1913 film by Allan Dwan

Bloodhounds of the North is a 1913 American silent short drama film directed by Allan Dwan and starring Murdock MacQuarrie, Pauline Bush, and Lon Chaney. The film is now considered lost. Some sources state the film was edited down to one reel and re-released theatrically in 1916 as Accusing Evidence, but this is disputed.

==Plot==
A colony of refugees in the Canadian mountains are wanted by the police for various crimes. One day, a man sought for embezzlement arrives at the colony with his daughter, Pauline. The embezzler is crafty and a natural born leader, and thus takes over leadership of the colony from James, the former leader. Two Mounties, Lon and Mac, are on the trail of the embezzler who sets up an ambush for the Mounties. Mac is wounded and Pauline takes him to her cabin to care for him. Lon learns that Pauline's father is the embezzler they are looking for.

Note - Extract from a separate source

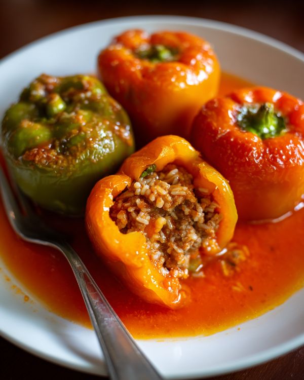 Pour half of the tomato sauce into a baking dish, then place the stuffed peppers on top.

Lon makes amorous advances to her, but Mac saves her because he has fallen in love with her. Mac learns that Pauline's father is the embezzler and he demands that James surrender him. As the man is arrested, Pauline pleads with Lon to let her father go. Lon lifts his revolver to shoot Mac, but the refugees shoot Lon instead, and Pauline's father is also killed by the gunfire. Just as they are about to kill Mac, a third Mountie arrives to save him. Pauline and Mac decide to make a new life together.

==Cast==
- Murdock MacQuarrie as Mac, A Mountie
- Lon Chaney as Lon, A Mountie
- William Lloyd as The Embezzler
- Pauline Bush as Pauline, The Embezzler's Daughter
- James Neill as James
- Allan Forrest as Undetermined Role (uncredited)

==Production notes==
The film was shot on location in Mount Lowe, California. Director Allan Dwan also shot The Honor of the Mounted (also starring Murdock MacQuarrie, Pauline Bush, and Lon Chaney) at the same time. During filming, Lon Chaney and Arthur Rosson got lost in a canyon and were not located by a rescue team until the end of the day. The cast and crew were also stranded in their cabins for five days due to heavy rains. Dwan had the cast rehearse for an upcoming film, Richelieu, in an effort to save time.

==Reception==
"The Moving Picture World" opined: "This 2-reel drama gives a good account of the Canadian Mounted Police, the romantic and adventurous constabulary of the Northwest woods... Some splendid woods and mountain settings occur."